Question

Prokka bacteria genome annotation

0

Entering edit mode

6.3 years ago

agata88 ▴ 870

Hi all!

I was annotating bacteria genome with prokka. At the end It gave me a results, which are not very understood for me. Maybe somebody more familiar with this program will help?

I have multiple contigs assigned to the same annotation. I run this command:

./prokka --outdir contigs_prokka --kingdom Bacteria --genus X --proteins uniprot_bacteria.fasta --usegenus --evalue 0.01 --rfam --cpu 8 --norrna contigs.fasta &

As a result I have tsv file with annotation including list of contigs and its annotation. For some of results I see that multiple contigs are assigned to the same annotation. For example:

contig1 CDS 1965                Zinc-transporting ATPase OX=224308 GN=zosA PE=1 SV=1
contig2   CDS   918             Zinc-transporting ATPase OX=224308 GN=zosA PE=1 SV=1

I am not sure how to interprate this:

whether it's unconnected contigs?
whether one sequence presents gene and the rest are pseudogenes?
can I take one - the longest - for final annotation and ignore rest, or annotate as potential pseudogenes?

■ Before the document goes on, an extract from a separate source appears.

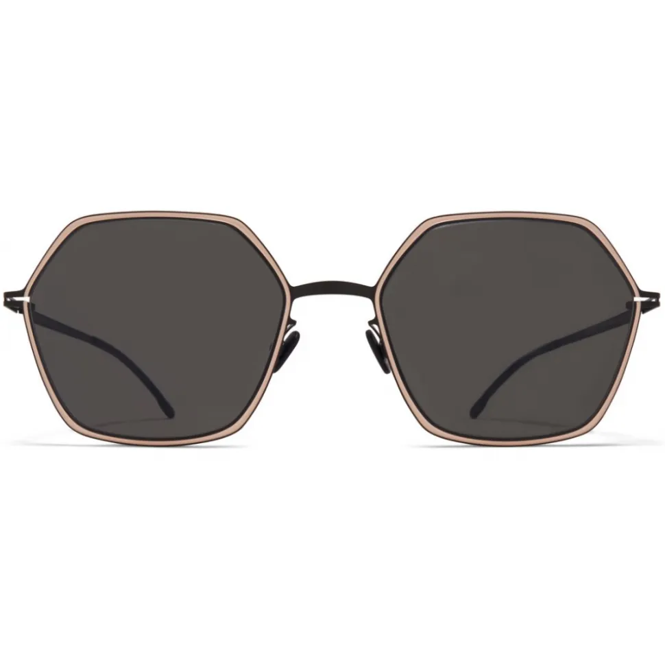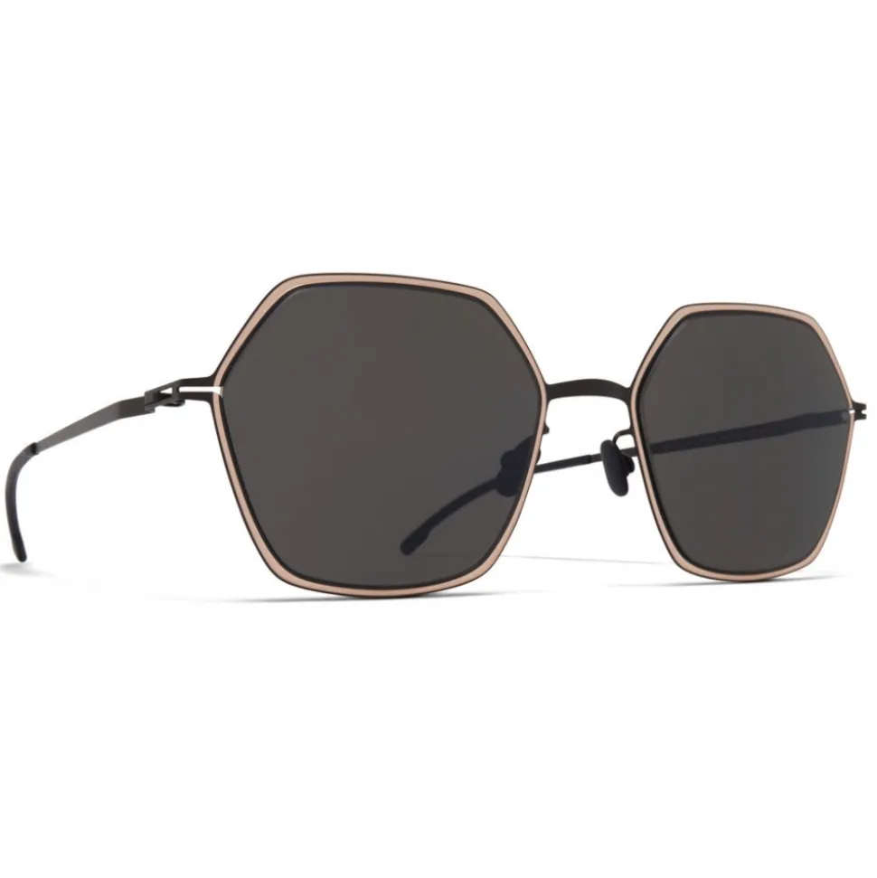 Made of lightweight stainless steel, TILLA in Black/Sand with Dark Grey Solid lenses is a square-shaped sunglass frame from the MYKITA DECADES collection with a geometric rim design. Handcrafted in Berlin.

Many thanks for any suggestions. Agata

prokka • 3.9k views

ADD COMMENT • link 6.3 years ago by agata88 ▴ 870

0

Entering edit mode

Both could be real and just happen to be Zinc-t ATPases. Did you check for sequence redundancy in your contigs before running prokka. e.g. contig2 could be entirely similar to contig1 (and contained within it).

ADD REPLY • link 6.3 years ago by GenoMax 147k

0

Entering edit mode

Yes, I used CD-HIT, it resulted in 10905 clusters from 10942 contigs.

This is not a single case, most records are multiplied.

ADD REPLY • link 6.3 years ago by agata88 ▴ 870

score 0 · Answer 1 · 2018-08-24

0

Entering edit mode

6.3 years ago

agata88 ▴ 870

Hi all!

I have a solution for my question. So, it toured out that my sample is contaminated, that is why I had such huge amount of contigs. After filtering annotation went well. Hope that will help in the future similar dilemmas.

Btw I've filtered contigs by blastn and species specific nt database.

Best,

Agata

ADD COMMENT • link 6.3 years ago by agata88 ▴ 870

1

Entering edit mode

Hi Agata,

Kindly send me the running command line of filtering contigs with blastnn?

ADD REPLY • link 5.4 years ago by hjafar ▴ 10

0

Entering edit mode

You may look at this as a solution but having contaminated data going into an assembly is not a good thing. If you choose to submit this assembly to NCBI you may throw someone else off if they use this data for genome comparisons.